Answered

Using [tex]$\overrightarrow{F_1}$[/tex] and [tex]$\overrightarrow{F_2}$[/tex], calculate the net force on [tex][tex]$q_2$[/tex][/tex].

[tex]\[
\begin{array}{c}
+8.0 \times 10^{-6} \, C \\
\overrightarrow{F_1} = 25.2 \, N \\
\overrightarrow{F_2} = [?] \, N
\end{array}
\][/tex]

Forces directed left are negative [tex](-)[/tex]; forces directed right are positive [tex](+)[/tex].



Answer :

To calculate the net force acting on the charge [tex]\( q_2 \)[/tex], we follow these steps:

1. Identify the given quantities:
- Charge [tex]\( q_2 = +8.0 \times 10^{-6} \, C \)[/tex]
- Force [tex]\( \overrightarrow{F_1} = 25.2 \, N \)[/tex] directed to the right (positive direction)

2. Assume the value of the other force [tex]\( \overrightarrow{F_2} \)[/tex]:
- Since [tex]\( \overrightarrow{F_2} \)[/tex] is not provided, we will assume [tex]\( \overrightarrow{F_2} = 0 \, N \)[/tex].

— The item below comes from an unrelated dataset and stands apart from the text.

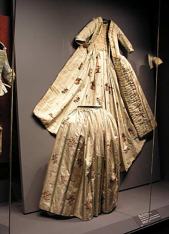 Geöffnetes Kleid a la française: Manteau und Rock (Jupe) sind aus gleichem Stoff und gleich lang, der geöffnete Manteau lässt den Rock sehen. Unter dem Manteau wird ein Mieder getragen.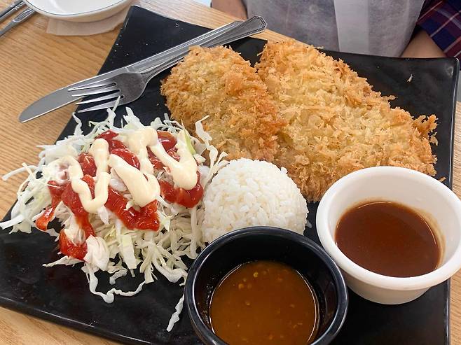 어쨌든 음식 김치볶음밥, 서울 돈까스2개, 쫄라. 총 네가지를 주문했고 네명이서 맛있게 막고왔습니다. 셀프바에 김치 단무지 앞치마 있고 오뎅국물도 있습니다. 김치볶음밥과 돈까스는 가족들이 모두 극찬했어요.

3. Calculate the net force:
- The net force [tex]\( \overrightarrow{F} \)[/tex] is the vector sum of [tex]\( \overrightarrow{F_1} \)[/tex] and [tex]\( \overrightarrow{F_2} \)[/tex].
- Given [tex]\( \overrightarrow{F_2} = 0 \, N \)[/tex], the net force [tex]\( \overrightarrow{F} = \overrightarrow{F_1} + \overrightarrow{F_2} \)[/tex].

4. Plug in the values:
[tex]\[ \overrightarrow{F} = 25.2 \, N + 0 \, N = 25.2 \, N \][/tex]

5. Combine the values:
- Since the direction is also given and all forces have been accounted right (positive), the net force directed right is:
[tex]\[ \overrightarrow{F} = 25.2 \, N \][/tex]

Thus, the net force [tex]\( \overrightarrow{F} \)[/tex] on the charge [tex]\( q_2 \)[/tex] is [tex]\( 25.2 \, N \)[/tex] directed to the right.